Please, without any pictures, set down exactly the part of the listing below that opens with the line containing "A polished essential" and closes with the line containing "截至2023年11月底,贵阳".

##### Provided records

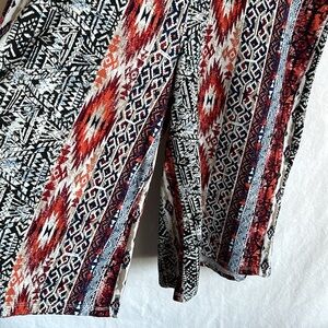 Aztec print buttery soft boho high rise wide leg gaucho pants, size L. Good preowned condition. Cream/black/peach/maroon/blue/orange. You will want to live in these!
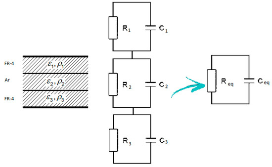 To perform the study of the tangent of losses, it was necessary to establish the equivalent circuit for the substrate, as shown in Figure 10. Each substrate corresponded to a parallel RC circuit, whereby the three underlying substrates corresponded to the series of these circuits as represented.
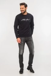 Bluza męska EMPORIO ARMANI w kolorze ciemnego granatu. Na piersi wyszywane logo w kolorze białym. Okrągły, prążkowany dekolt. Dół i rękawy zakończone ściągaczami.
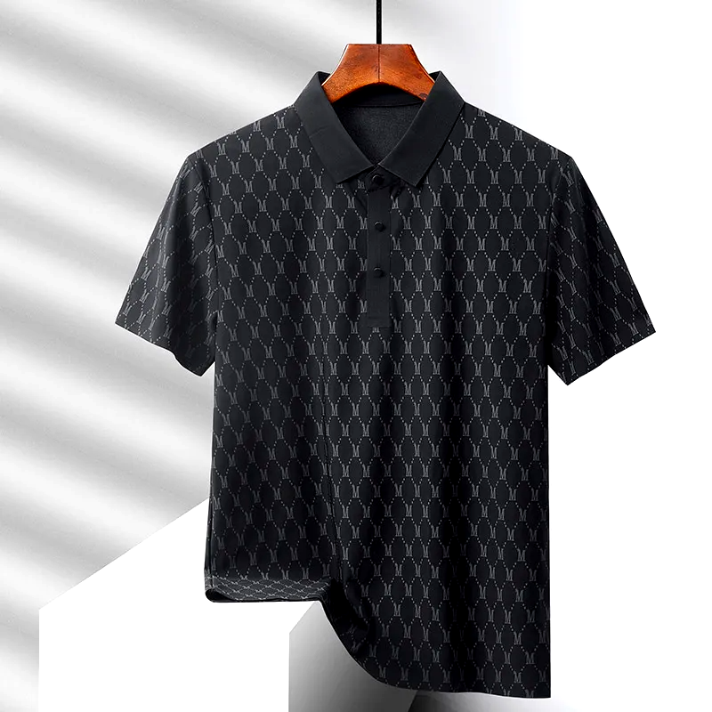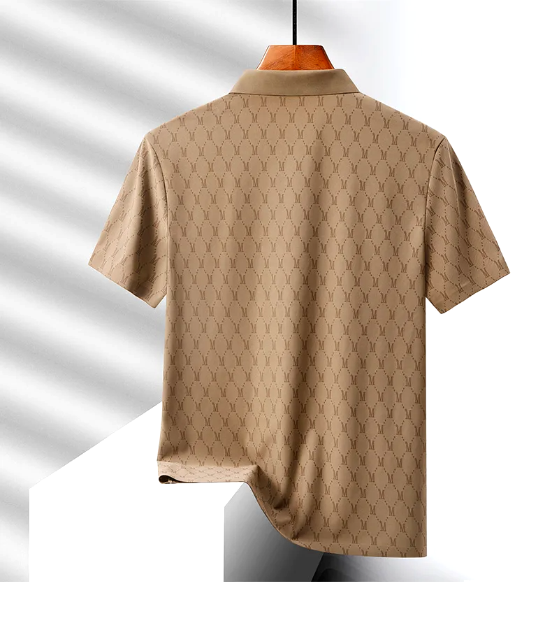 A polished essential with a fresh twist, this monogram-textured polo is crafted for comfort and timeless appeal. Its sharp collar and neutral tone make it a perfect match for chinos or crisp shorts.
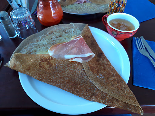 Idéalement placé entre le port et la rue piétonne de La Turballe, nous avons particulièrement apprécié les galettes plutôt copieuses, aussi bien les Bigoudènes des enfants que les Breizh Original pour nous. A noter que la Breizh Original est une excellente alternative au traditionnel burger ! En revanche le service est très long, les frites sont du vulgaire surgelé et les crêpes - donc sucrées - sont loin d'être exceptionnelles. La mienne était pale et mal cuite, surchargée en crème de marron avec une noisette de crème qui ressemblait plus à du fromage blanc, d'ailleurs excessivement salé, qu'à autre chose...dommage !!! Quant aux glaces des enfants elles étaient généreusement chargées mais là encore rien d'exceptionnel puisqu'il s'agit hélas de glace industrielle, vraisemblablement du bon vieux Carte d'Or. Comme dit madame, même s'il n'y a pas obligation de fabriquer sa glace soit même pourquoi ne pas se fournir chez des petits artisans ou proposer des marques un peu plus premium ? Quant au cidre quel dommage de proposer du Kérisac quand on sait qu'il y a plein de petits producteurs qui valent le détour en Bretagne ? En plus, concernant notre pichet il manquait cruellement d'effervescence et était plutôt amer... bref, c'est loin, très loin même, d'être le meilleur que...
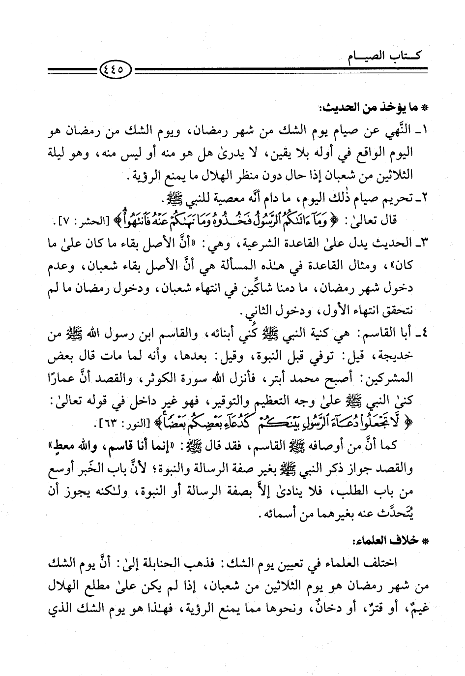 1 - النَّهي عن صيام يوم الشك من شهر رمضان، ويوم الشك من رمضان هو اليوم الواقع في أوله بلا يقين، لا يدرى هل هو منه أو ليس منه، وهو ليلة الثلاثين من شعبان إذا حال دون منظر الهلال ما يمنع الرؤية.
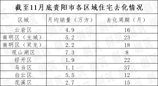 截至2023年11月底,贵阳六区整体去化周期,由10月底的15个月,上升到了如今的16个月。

##########
##### Provided records

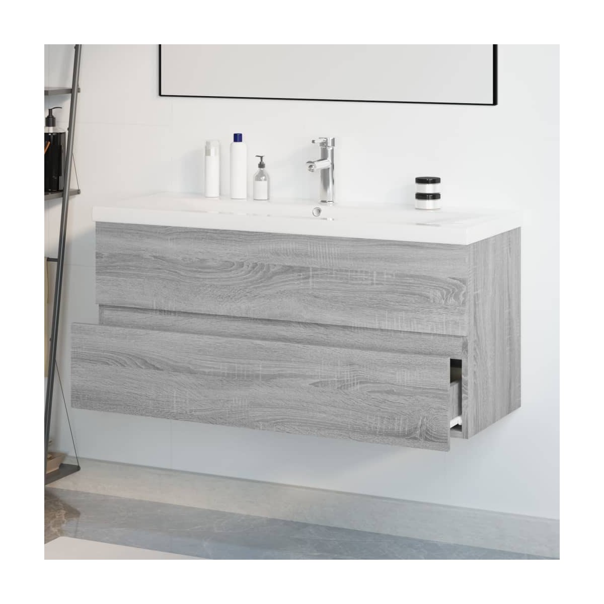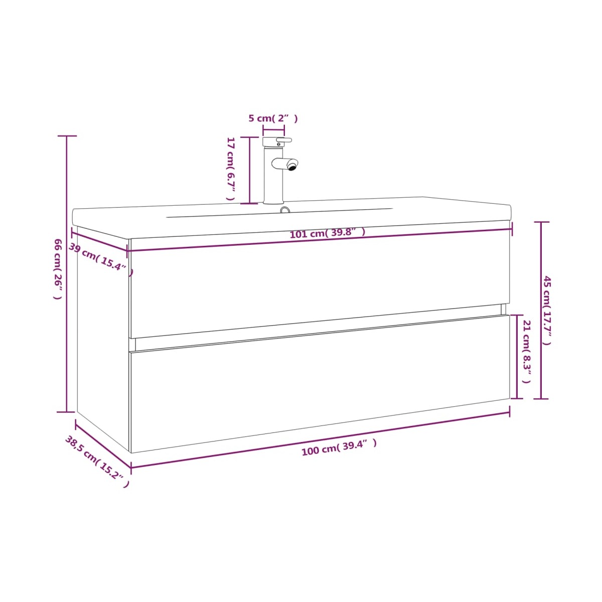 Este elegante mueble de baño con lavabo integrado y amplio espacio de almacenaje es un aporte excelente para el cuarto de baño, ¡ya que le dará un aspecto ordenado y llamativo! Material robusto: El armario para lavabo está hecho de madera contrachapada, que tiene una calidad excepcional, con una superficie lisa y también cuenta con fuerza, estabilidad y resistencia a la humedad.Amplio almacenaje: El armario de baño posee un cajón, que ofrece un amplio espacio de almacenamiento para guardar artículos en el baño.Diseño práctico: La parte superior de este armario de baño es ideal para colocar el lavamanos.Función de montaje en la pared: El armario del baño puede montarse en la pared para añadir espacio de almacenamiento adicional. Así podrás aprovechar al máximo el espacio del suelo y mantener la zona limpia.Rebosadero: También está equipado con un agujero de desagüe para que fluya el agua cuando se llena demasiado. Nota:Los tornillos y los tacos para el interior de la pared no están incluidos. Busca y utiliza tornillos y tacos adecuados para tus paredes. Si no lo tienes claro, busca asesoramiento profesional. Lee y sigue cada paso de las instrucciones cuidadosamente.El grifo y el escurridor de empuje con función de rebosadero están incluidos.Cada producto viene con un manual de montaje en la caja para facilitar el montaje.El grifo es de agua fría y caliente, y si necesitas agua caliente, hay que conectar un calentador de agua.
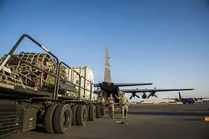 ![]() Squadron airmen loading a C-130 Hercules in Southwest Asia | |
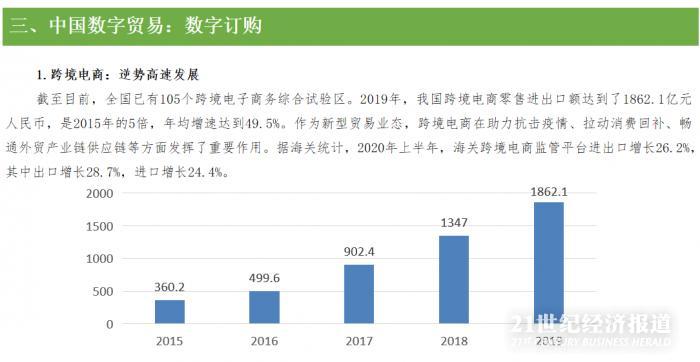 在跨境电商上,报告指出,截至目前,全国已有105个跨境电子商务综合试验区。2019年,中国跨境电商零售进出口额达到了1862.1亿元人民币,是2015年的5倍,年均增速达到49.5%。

##########

Answer for this exercise:
 A polished essential with a fresh twist, this monogram-textured polo is crafted for comfort and timeless appeal. Its sharp collar and neutral tone make it a perfect match for chinos or crisp shorts.
 Idéalement placé entre le port et la rue piétonne de La Turballe, nous avons particulièrement apprécié les galettes plutôt copieuses, aussi bien les Bigoudènes des enfants que les Breizh Original pour nous. A noter que la Breizh Original est une excellente alternative au traditionnel burger ! En revanche le service est très long, les frites sont du vulgaire surgelé et les crêpes - donc sucrées - sont loin d'être exceptionnelles. La mienne était pale et mal cuite, surchargée en crème de marron avec une noisette de crème qui ressemblait plus à du fromage blanc, d'ailleurs excessivement salé, qu'à autre chose...dommage !!! Quant aux glaces des enfants elles étaient généreusement chargées mais là encore rien d'exceptionnel puisqu'il s'agit hélas de glace industrielle, vraisemblablement du bon vieux Carte d'Or. Comme dit madame, même s'il n'y a pas obligation de fabriquer sa glace soit même pourquoi ne pas se fournir chez des petits artisans ou proposer des marques un peu plus premium ? Quant au cidre quel dommage de proposer du Kérisac quand on sait qu'il y a plein de petits producteurs qui valent le détour en Bretagne ? En plus, concernant notre pichet il manquait cruellement d'effervescence et était plutôt amer... bref, c'est loin, très loin même, d'être le meilleur que...
 1 - النَّهي عن صيام يوم الشك من شهر رمضان، ويوم الشك من رمضان هو اليوم الواقع في أوله بلا يقين، لا يدرى هل هو منه أو ليس منه، وهو ليلة الثلاثين من شعبان إذا حال دون منظر الهلال ما يمنع الرؤية.
 截至2023年11月底,贵阳六区整体去化周期,由10月底的15个月,上升到了如今的16个月。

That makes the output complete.